Pemimpin tertinggi Iran berjanji pada hari Sabtu untuk membalas pembunuhan ilmuwan nuklir top Republik Islam itu, yang diyakini oleh Barat dan Israel sebagai perancang program rahasia Iran untuk membuat senjata.
Ayatollah Ali Khamenei, otoritas tertinggi Iran yang mengatakan Teheran tidak pernah mencari senjata nuklir, berjanji dalam pernyataannya di Twitter untuk melanjutkan pekerjaan Mohsen Fakhrizadeh, yang meninggal pada hari Jumat setelah pria bersenjata menyergapnya di mobilnya dekat Teheran.
Pembunuhan itu, yang segera disalahkan oleh presiden Iran atas Israel, mengancam akan memicu konfrontasi baru di Timur Tengah pada minggu-minggu terakhir masa jabatan Presiden AS Donald Trump.
Itu juga bisa mempersulit upaya apa pun oleh Presiden terpilih Joe Biden untuk menghidupkan kembali ketegangan dengan Teheran yang dipalsukan ketika dia berada di pemerintahan Barack Obama. Trump menarik Washington keluar dari pakta nuklir internasional 2015 yang disepakati dengan Teheran.
Khamenei mengatakan dalam posting Twitternya bahwa para pejabat Iran harus mengambil tugas “mengejar kejahatan ini dan menghukum pelakunya dan mereka yang memerintahkannya.”
Presiden Iran Hassan Rouhani mengatakan dalam pertemuan kabinet yang disiarkan televisi bahwa Iran akan menanggapi “pada waktu yang tepat.”
“Sekali lagi, tangan jahat Kesombongan Global dan tentara bayaran Zionis berlumuran darah seorang putra Iran,” katanya, menggunakan istilah yang digunakan pejabat untuk merujuk pada Israel.

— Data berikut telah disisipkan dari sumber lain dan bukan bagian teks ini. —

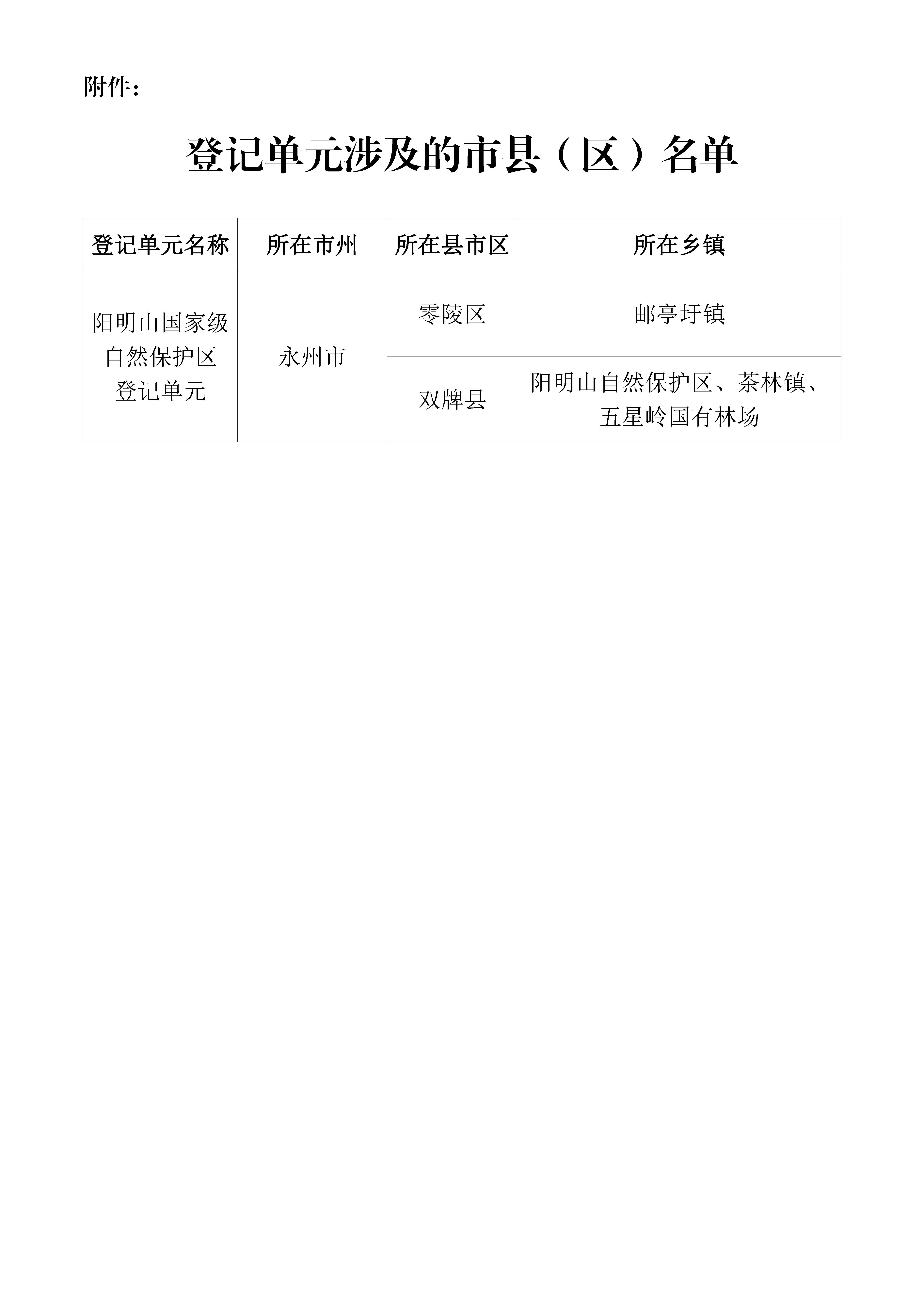 湖南省自然资源厅关于开展阳明山国家级自然保护区自然资源确权登记的通告

Israel menolak mengomentari pembunuhan itu. Gedung Putih, Pentagon, Departemen Luar Negeri AS dan CIA juga menolak berkomentar, begitu pula tim transisi Biden.
‘INGAT NAMA ITU’
Setidaknya empat ilmuwan tewas antara 2010 dan 2012 dalam apa yang dikatakan Teheran sebagai program pembunuhan yang bertujuan menyabotase program energi nuklirnya. Iran selalu membantah mengejar senjata nuklir, dengan mengatakan tujuannya hanya untuk tujuan damai.

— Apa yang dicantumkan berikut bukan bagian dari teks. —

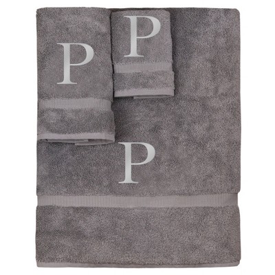 BC BARE COTTON Monogrammed Towel Set, Personalized Gift, Set of 3 - Gray - Silver Block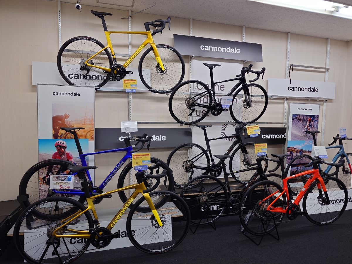 キャノンデールコーナーでは、入門機以外にもフルカーボンのモデルや、グラベルロードなども展示販売中。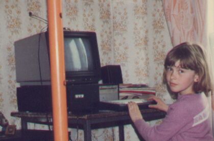 Для наших компьютеров мы с Пашкой сделали дюралевые корпуса. Внутри - плата БКашки, блок питания, контроллеры дисковода и винчестера, сам винчестер на 40 Мбайт, музыкальный сопроцессор+динамик+выход на внешние колонки. Сверху на системном блоке цветной монитор "Электроника МС..не помню какой номер.." - один из лучших отечественных (у меня он прекрасно работал и в черно-белом режиме высокого разрешения, и в цветном). На передней панели виден дисковод Teac 800K, вместо второго дисковода заглушка с лампочкой винчестера. Три кнопки слева - "Сеть", "Reset" и громкость внутреннего динамика. Справа под стопкой тетрадок, распечаток, дискет - принтер D100M, на принтере колонка (вторая в кадр не попала). Сверху на мониторе - гарнитура телефона/модема (виден микрофон и оголовье, наушник закрыт трубой).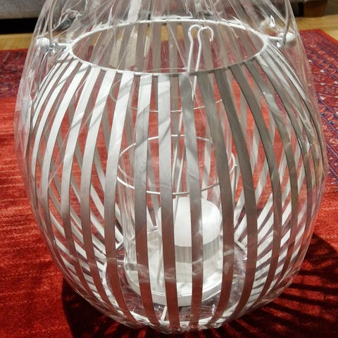 Luonnonvalkoista Pallo-lyhtyä voi pitää pöydällä tai sen voi ripustaa metallikoukulla roikkumaan. Lyhdyn koko on 24x26 cm ja se on luonnonvalkoiseksi maalattua metallia,kokonais korkeus lyhdyllä on 30 cm. Lyhdyn sisällä on kynttilää tuulelta suojaava lasiosa. Siihen sopii maksimissaan 5x5 cm kynttilä tai 7,5 cm pallokynttilä.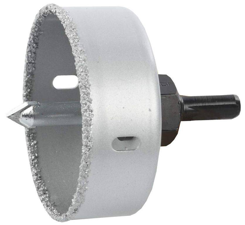 Коронка с напылением из технических алмазов прорезает исключительно ровные отверстия и не требует приложения больших усилий.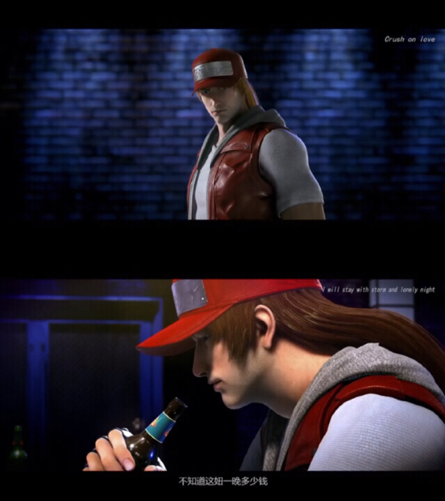 特瑞——一张年轻的脸上挂满了象征沧桑的胡渣,虽然是个很符合人物早年经历的形象,但不帅就是不帅,反正游戏里的风格跟这个完全不同,而这种混搭我只能说够颠覆、够清奇。

Kantor berita semi-resmi Tasnim melaporkan bahwa sebuah mobil bermuatan bahan peledak meledak di dekat kendaraan Fakhrizadeh dan salah satu pembunuh kemudian menyemprotkannya dengan peluru. Ilmuwan itu dibawa ke rumah sakit terdekat, di mana dia meninggal.
Fakhrizadeh tidak memiliki profil publik, tetapi dianggap mengepalai apa yang Badan Energi Atom Internasional (IAEA), pengawas nuklir PBB, dan badan intelijen AS yakini sebagai program senjata nuklir Iran, yang disimpan pada tahun 2003.

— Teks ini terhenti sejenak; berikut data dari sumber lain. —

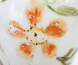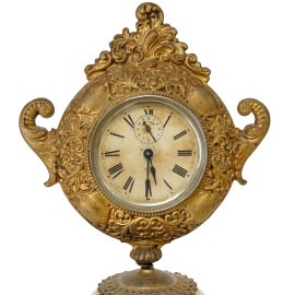 Orologio da tavolo con corpo in opalina decorato a motivi floreali, quadrante circolare e base in metallo dorato, XX secolo, altezza cm 53

Dia adalah satu-satunya ilmuwan Iran yang disebutkan dalam “penilaian akhir” IAEA tahun 2015 atas pertanyaan terbuka tentang program nuklir Iran. Dikatakan dia mengawasi kegiatan “dalam mendukung kemungkinan dimensi militer untuk program nuklir (Iran)”.
Dia adalah tokoh sentral dalam presentasi Perdana Menteri Israel Benjamin Netanyahu pada 2018 yang menuduh Iran terus mencari senjata nuklir. “Ingat nama itu, Fakhrizadeh,” kata Netanyahu saat itu.
Badan intelijen AS dan Badan Energi Atom Internasional percaya Iran menghentikan program senjata terkoordinasi pada tahun 2003.
IAEA mengatakan tidak memiliki indikasi kredibel aktivitas di Iran yang relevan dengan pengembangan alat peledak nuklir setelah 2009.